#### [Task item]
Beginning with the line that has "Folding armchair in" and ending with the line that has "フランスのタンナーの元で鞣さ", retype the entries below exactly, except for the pictures.

········

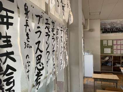一昨日に行われた書初め大会の作品を、2年生は廊下に掲示しました。通りすがりの生徒が「うまっ!」と口にするのがよく聞こえてきます。一人一人が集中して書き、よい作品が生まれた証だと思います。1年生の教室には新年の目標も掲示されています。ユニークな目標もあり、新年を明るく迎えられたのではないでしょうか。
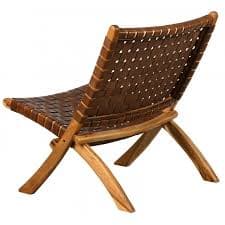 Folding armchair in teak wood and brown leather - Boisnature'l
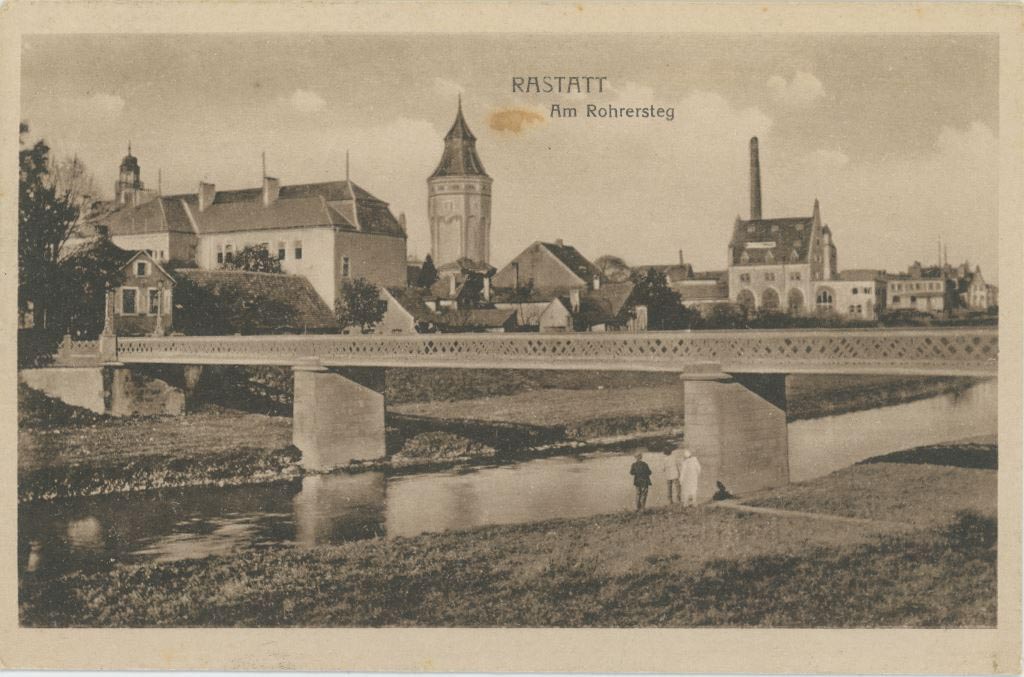| Kurzbeschreibung: | Fotopostkarte mit Ansicht der Brücke Rohrersteg über den Fluss Murg; im Hintergrund die Stadt Rastatt. Feldpost vom 3. Februar 1917 von Julius Steinhäuser an seine Familie in Freiburg, in der er den angekündigten Heimaturlaub absagt: "Rastatt 3. Febr. 1917, Liebe Eltern, Heute kam Gegenbefehl. Sitze gerade in der Bahn, fahre soeben ab ins Feld. Also 8. Comp. Ersatz Inf. Reg. 28, bz. Ersatz Div. Herzlichen Gruss Julius". |
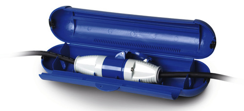 Caixa em plástico para protecção de fichas Schuko em côr azul.
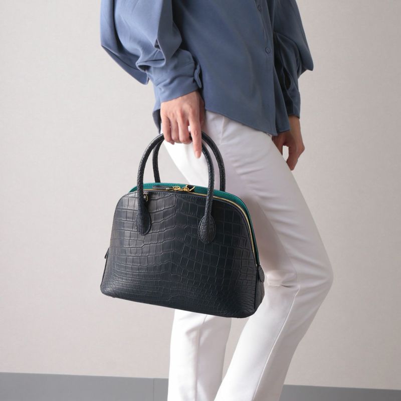 フランスのタンナーの元で鞣されたナイルクロコダイルの腹部の革をセンター取りで使用しています。
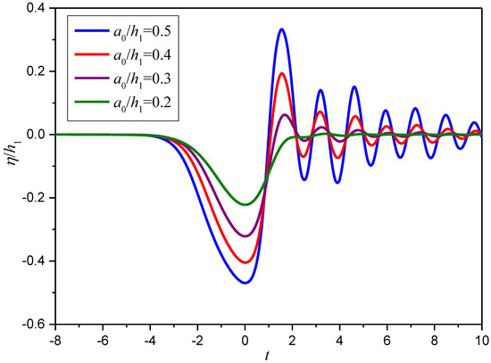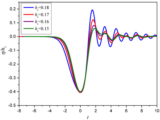 The morphological characteristics of the tail waves’ time history profile at the observation point (horizontal location x = 1 m) under different slope height conditions are shown in Figure 14. Meanwhile, the moment when wave trough reaches the observation point is set to zero for the intuitional comparison. It was found that the higher the slope height, the more apparent the tail wave, which has a larger wave amplitude and a higher frequency. The maximum displacement of tail waves can reach 50% of ISWs amplitude for the case hs = 0.18 and a0/h1 = 0.4. The characteristics of the tail wave under different initial wave amplitude conditions at the horizontal location (x = 1 m) for the slope height hs = 0.18 and slope angle β = 20° are shown in Figure 15. It was found that the characteristics of the tail waves are also closely related to the value of the initial wave amplitude. The larger the initial wave amplitude, the more apparent the tail wave, which has a larger wave amplitude. However, the tail waves generated under different initial amplitude conditions had the same frequency. Meanwhile, it was also found that the larger the initial wave amplitude, the more apparent the asymmetry of the evolved waveform, and the smoother the front face.
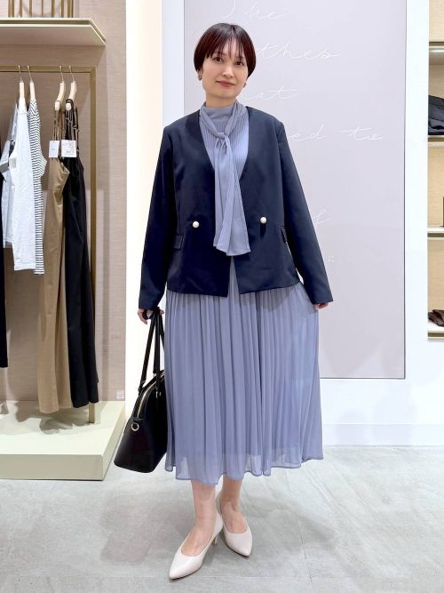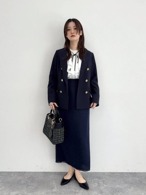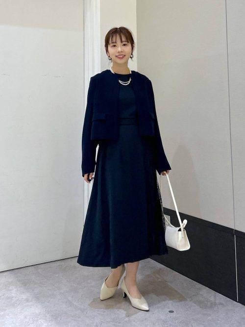 ネイビーのノーカラージャケットに、ライトブルーのワンピースをあわせた上品な装いです。ジャケットのパールボタンがクラシカルなアクセントになり、フォーマルな場面にふさわしいきちんと感を演出。寒色系でまとめた、清潔感あふれる着こなしです。
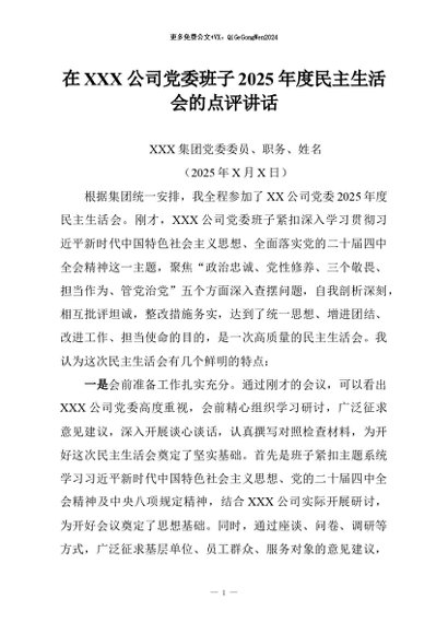 【七哥公文】2026年:在XXX公司党委班子2025年度民主生活会的点评讲话_副本+更多免费公文+VX:QiGeGongWen2024
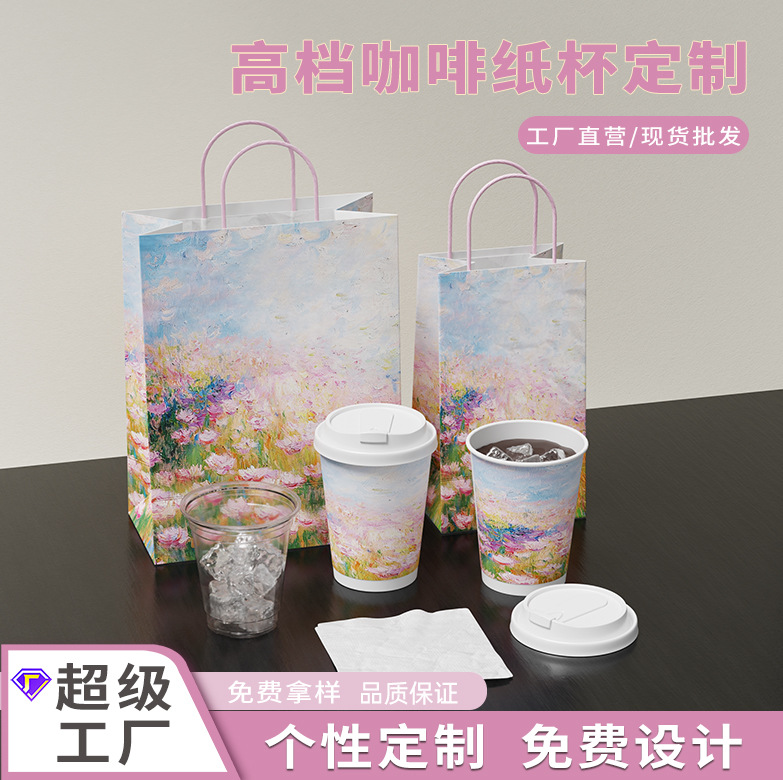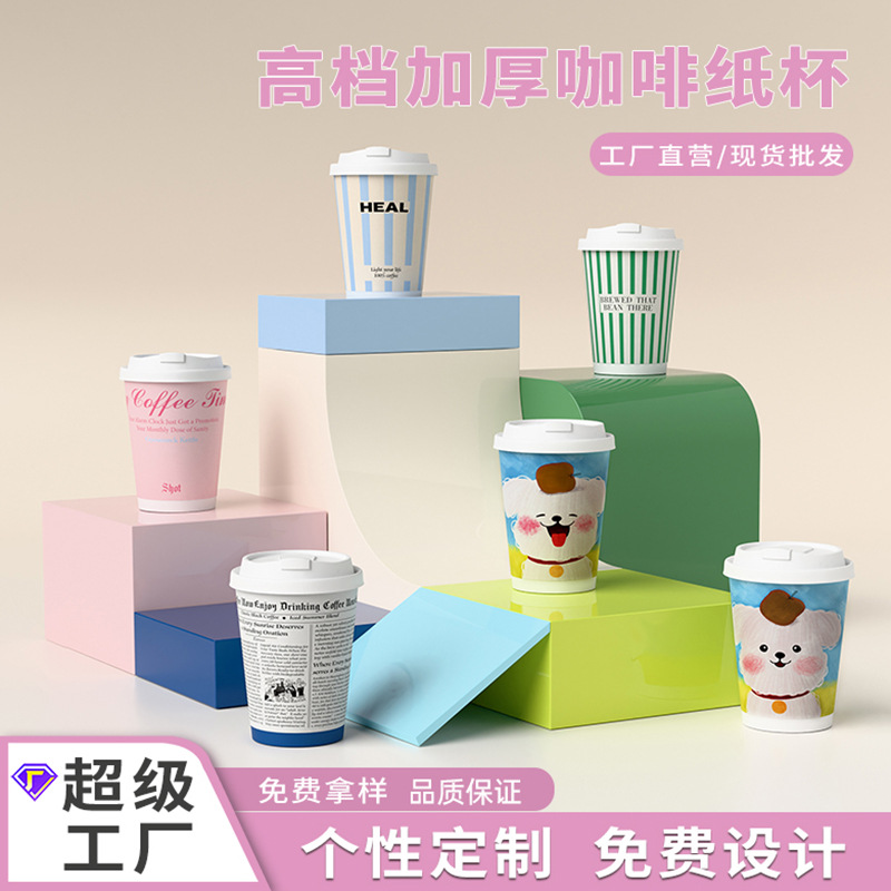 コーヒーカップ使い捨て袋蓋ホットドリンクミルクティー店専用紙コップ中空カップ包装外売りカップ印刷ロゴ

········

#### [Answer for this exercise]
 Folding armchair in teak wood and brown leather - Boisnature'l
| Kurzbeschreibung: | Fotopostkarte mit Ansicht der Brücke Rohrersteg über den Fluss Murg; im Hintergrund die Stadt Rastatt. Feldpost vom 3. Februar 1917 von Julius Steinhäuser an seine Familie in Freiburg, in der er den angekündigten Heimaturlaub absagt: "Rastatt 3. Febr. 1917, Liebe Eltern, Heute kam Gegenbefehl. Sitze gerade in der Bahn, fahre soeben ab ins Feld. Also 8. Comp. Ersatz Inf. Reg. 28, bz. Ersatz Div. Herzlichen Gruss Julius". |
 Caixa em plástico para protecção de fichas Schuko em côr azul.
 フランスのタンナーの元で鞣されたナイルクロコダイルの腹部の革をセンター取りで使用しています。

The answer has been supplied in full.